I read an article today about David Foster Wallace, an American writer who died this past September. While reading this story a quote jumped out at me. Wallace gave a commencement address in 2005 and said true freedom “means being conscious and aware enough to choose what you pay attention to and to choose how you construct meaning from experience. Because if you cannot exercise this kind of choice in adult life, you will be totally hosed.” The phrase “construct meaning from experience” really stood out, its seems to illustrate a concept I had not been able to articulate before.
This idea of meaning really has defined storytelling. Novels and movies are powerful forces because the lives we live follow a narrative form; these mediums are extensions of such. In stories we find meaning, whatever the characters experience builds a structure in which to view them and their story. The beauty of a story is that we are the ones who build meaning from it, we decide what the meaning is. This idea of building meaning from narratives applies to our own narrative, our struggle to find our meaning or a meaning. This is the huge existential dilemma that we all live with. All who live have experience, all search for meaning, consciously and subconsciously. Our lives, our narratives are, I think essentially about this search for meaning.
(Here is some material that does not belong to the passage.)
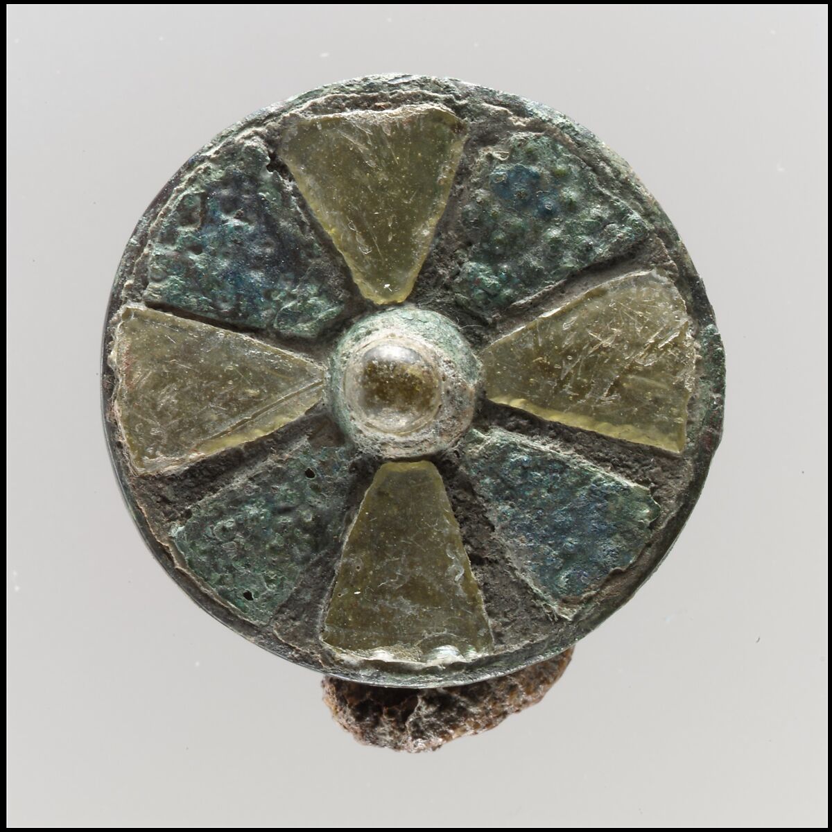 - Medium: Copper alloy cloisons, side and back; glass and patterned copper alloy
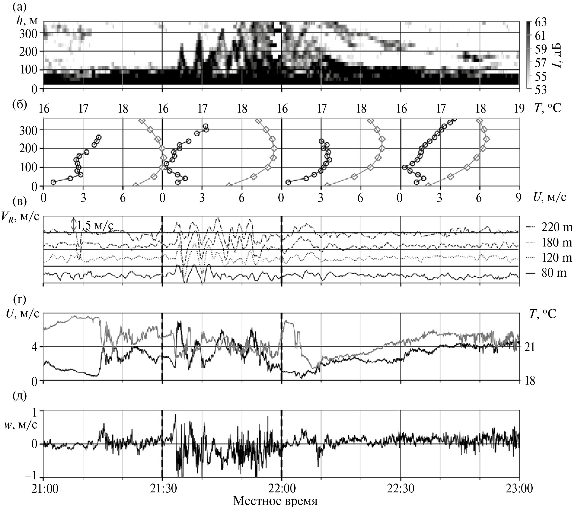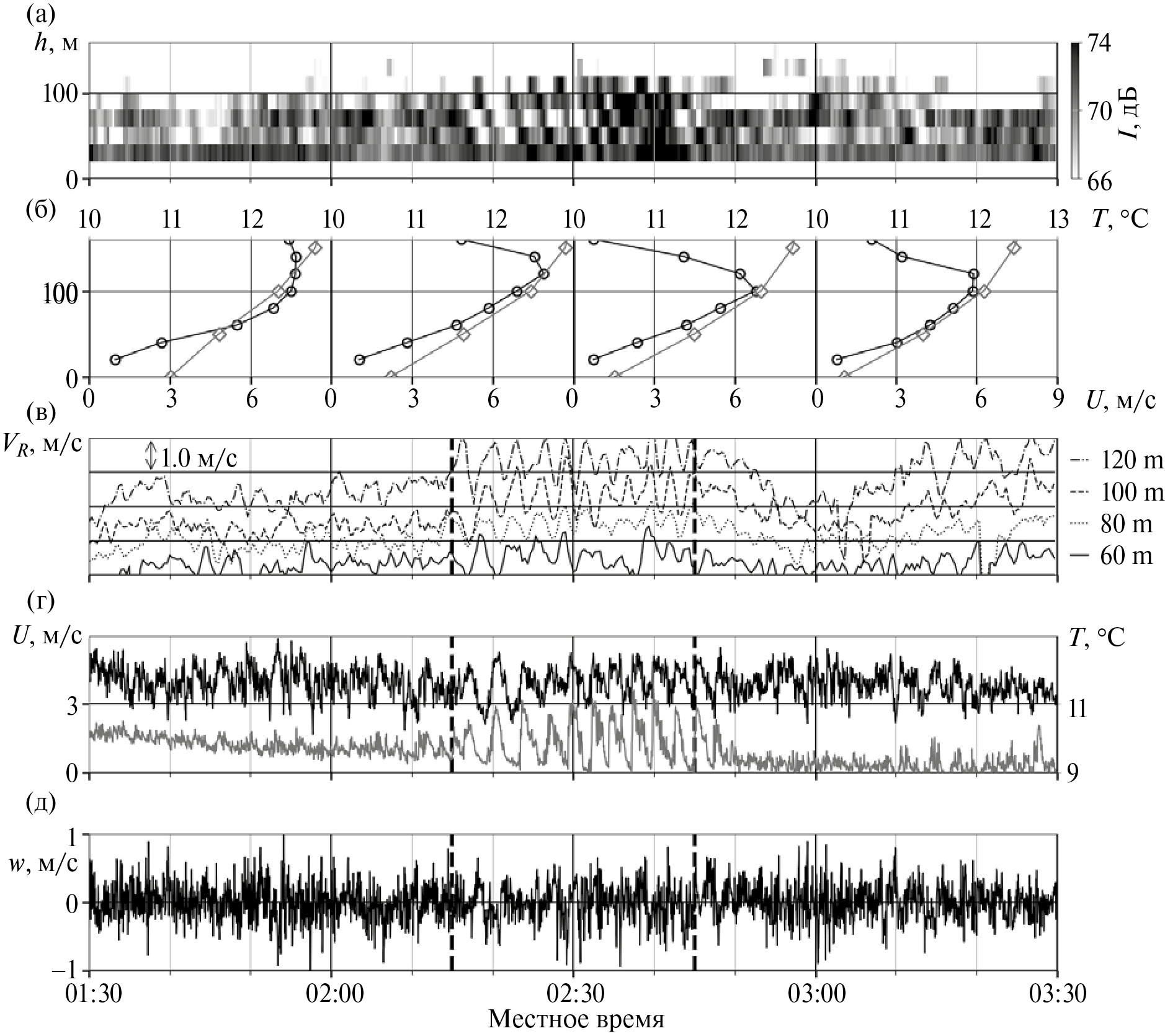 Рис. 1. Эпизод ВГСВ 24.04.2012. (а) Содарная эхограмма. (б) профили средней скорости ветра (чёрные линии, нижняя ось абсцисс) и температуры (серые линии, верхняя ось абсцисс). Время осреднения 30 минут. (в) радиальная скорость ветра по измерениям наклонной антенны на высотах 60, 80, 100 и 120 м. Временные ряды были сдвинуты относительно друг друга для наглядности. (г) горизонтальная скорость ветра (черная линия) и акустическая температура (серая линия). (д) вертикальная скорость ветра. По оси абсцисс везде кроме (б) отложено местное время. Панели (г) и (д) построены по данным измерений соника (высота 56 м). Ко временным рядам эхо-сигнала и радиальной скорости (панели (а) и (в)) для наглядности было применено скользящее осреднение по 1 минуте. Вертикальными пунктирными линиями обозначено время начала и конца волнового цуга.

This idea of meaning is not to suggest necessarily a purpose. Purpose and meaning in this sense, are different. Purpose implies a direction, a goal to be achieved. Meaning more easily can be defined as a significance, not a reason for or a goal to. Many may use purpose to define their meaning. The meaning they gain from their experiences point to a larger purpose, a direction to be followed from point A to point B with whatever detours along the way.
However, I believe that life does not need to have a purpose to have meaning. That’s not to say life doesn’t have a purpose (a topic I may delve into at a later date) but to say that a purpose is completely unnecessary to derive meaning. Reading about David Foster Wallace and his interconnected struggle in life and literature really encapsulated this idea. Life can be purposeless, but when life ceases to have any meaning, it can become superfluous.
David Foster Wallace committed suicide in September, he hung himself on the back patio of his house, his wife found his body. He had severe problems with depression his entire life and struggled to overcome them. I know little about him, I wish I had read him while he lived, I will read him now. What meaning is gained through experiences is different for everyone; there can be no quantitative relationship between an experience and the meaning gained from it. David Foster Wallace was an author; he exercised a choice and constructed his meaning.